Filtering those out, the top 10 lengths are:
id,name,variant_length
144309,GRCh38/hg38 9p24.3-q34.3(chr9:204193-138179445),140869705
146857,GRCh38/hg38 Xp22.33-q25(chrX:10701-128393708),128383008
153303,GRCh38/hg38 Xp11.22-q24(chrX:50289384-119297604),69008221
146389,GRCh38/hg38 Yp11.32-q12(chrY:10701-57189762),59325213
151755,GRCh38/hg38 9p22.2-q21.11(chr9:18344605-68257015),50650619
560050,Single allele,39283068
155344,GRCh38/hg38 9p24.3-13.1(chr9:203861-38381642),38177782
155093,GRCh38/hg38 21q11.2-22.3(chr21:7749532-46677460),33711360
151749,GRCh38/hg38 18p11.32-11.21(chr18:136226-15175006),15038781
127268,NC_000021.7:g.13636378_28138533dup,14502156
query:
SELECT id, name, MAX(variant_length) as variant_length
FROM
(SELECT id, name,
CAST(JSON_VALUE(sequence_location, '$."@variantLength"') as INT64) as variant_length
FROM
(SELECT id, name, content_json,
JSON_QUERY_ARRAY(content_json.Location.SequenceLocation) as sequence_locations
FROM
(SELECT id, name, SAFE.PARSE_JSON(content) AS content_json
FROM `clingen-stage.clinvar_2023_04_30_v1_6_58.variation`))

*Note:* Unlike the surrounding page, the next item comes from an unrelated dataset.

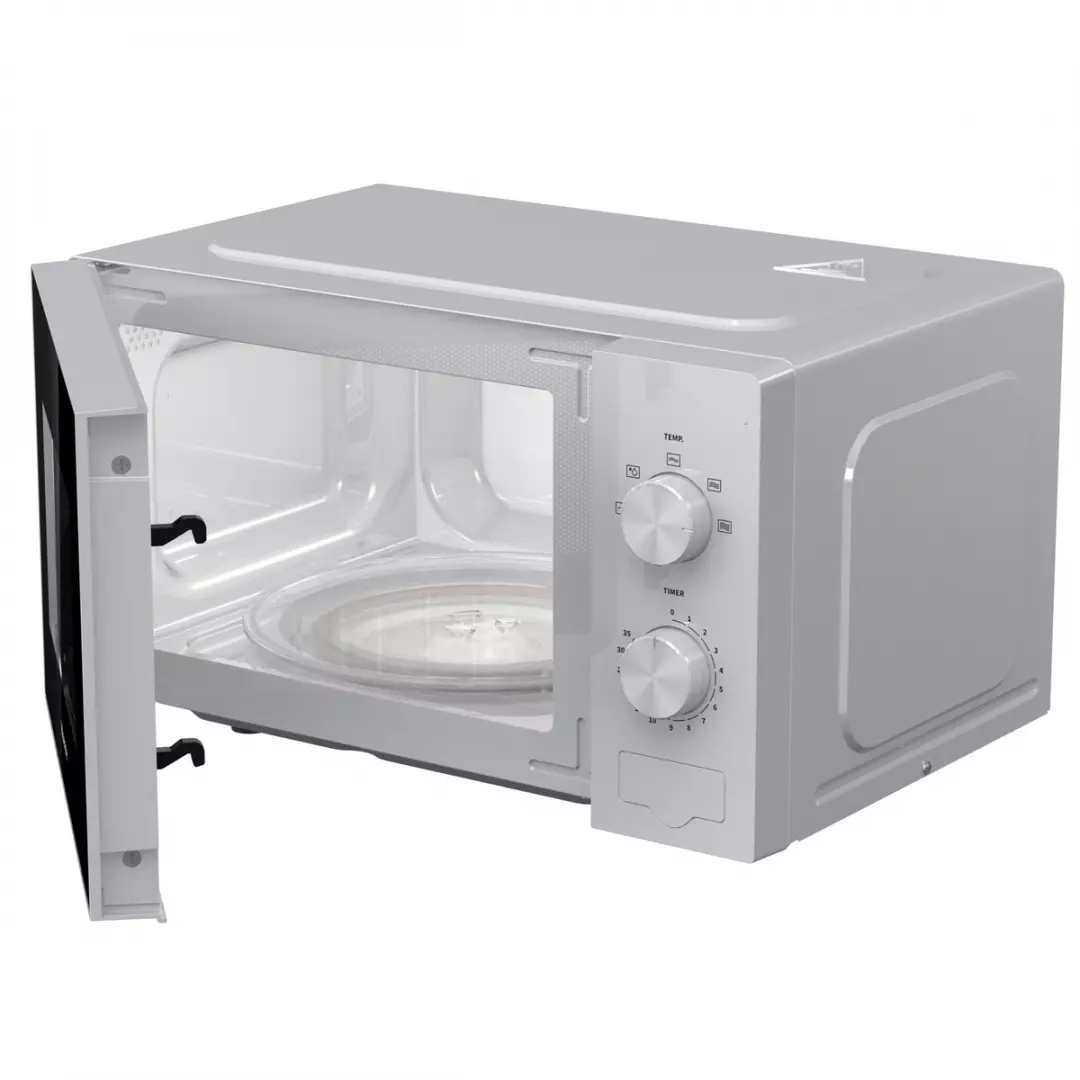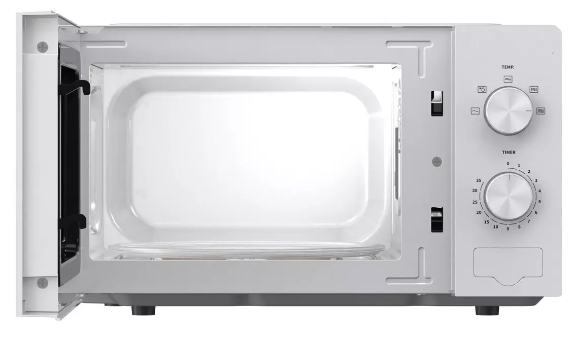 Micro-ondes Hisense H20MOWP1 – capacité 20 L, puissance 700 W, commande mécanique avec minuterie 35 min. Design blanc avec porte en verre noir. Simple, pratique et idéal pour un usage quotidien.

CROSS JOIN UNNEST(sequence_locations) as sequence_location)
WHERE name not like '%)x%'
GROUP BY id, name
ORDER BY variant_length DESC
LIMIT 10
I may have underestimated how significant of an issue this would be: https://github.com/clingen-data-model/genegraph/issues/698#issuecomment-1536921234
This is the genegraph java process and the one normalizer worker process still doing work (out of 6 workers started). Genegraph is saturating all the cores of my laptop and is taking over 4GB of memory.

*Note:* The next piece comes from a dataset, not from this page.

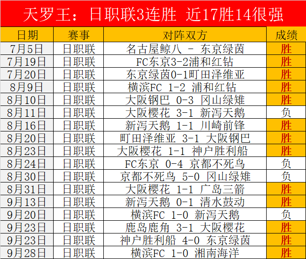 日职联3连胜,近17胜14表现相当出色。近7天胜+5,15天胜9天合计胜+13,当前状态非常好。

I'm not really sure what in the clojure code is taking all those CPU resources. Maybe garbage collection of a very very long list of objects. VisualVM did not respond after opening. jmap has been sitting hanging for several minutes.
jmap -dump:format=b,file=heap.jmap 3563
I may need to implement a different pmap
function that does not retain completed items and instead yields them immediately to downstream code.

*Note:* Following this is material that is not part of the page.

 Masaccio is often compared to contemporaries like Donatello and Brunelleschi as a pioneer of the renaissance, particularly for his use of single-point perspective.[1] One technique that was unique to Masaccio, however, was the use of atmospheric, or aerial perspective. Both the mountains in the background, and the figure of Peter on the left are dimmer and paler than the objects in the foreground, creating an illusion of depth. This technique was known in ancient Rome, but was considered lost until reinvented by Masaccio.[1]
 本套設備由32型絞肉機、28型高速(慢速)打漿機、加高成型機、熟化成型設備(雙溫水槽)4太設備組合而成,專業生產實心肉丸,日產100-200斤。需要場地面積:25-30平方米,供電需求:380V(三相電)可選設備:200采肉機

jk claypoole provides an unordered pmap, I will try this first: https://cljdoc.org/d/org.clj-commons/claypoole/1.2.2/api/com.climate.claypoole#upmap
jvm response to SIGTERM is lagging significantly, took like 20 seconds for the process to terminate, remained at 1000%+ core usage until the end. Reinforces the idea that it is stuck in garbage collection, not application code.
Switching to claypoole/upmap
seems to be working. With 12 threads in the pool, if any stall on a large variant, the others can proceed, and JVM memory is stable because finished task outputs are passed to the consumer immediately instead of in order. I don't have a heap limit set on the jvm right now but it's staying stable between 550MiB and 750MiB on its own. There are still some short pauses every so often that are either java garbage collection "pauses" pausing the sending of requests, or it's that all 6 worker processes in the local variation-normalizer on my laptop are stuck on large variants at the same time causing 12 client requests to block and the threadpool to stop receiving new tasks. Either way it's not really an issue. I would consider this resolved.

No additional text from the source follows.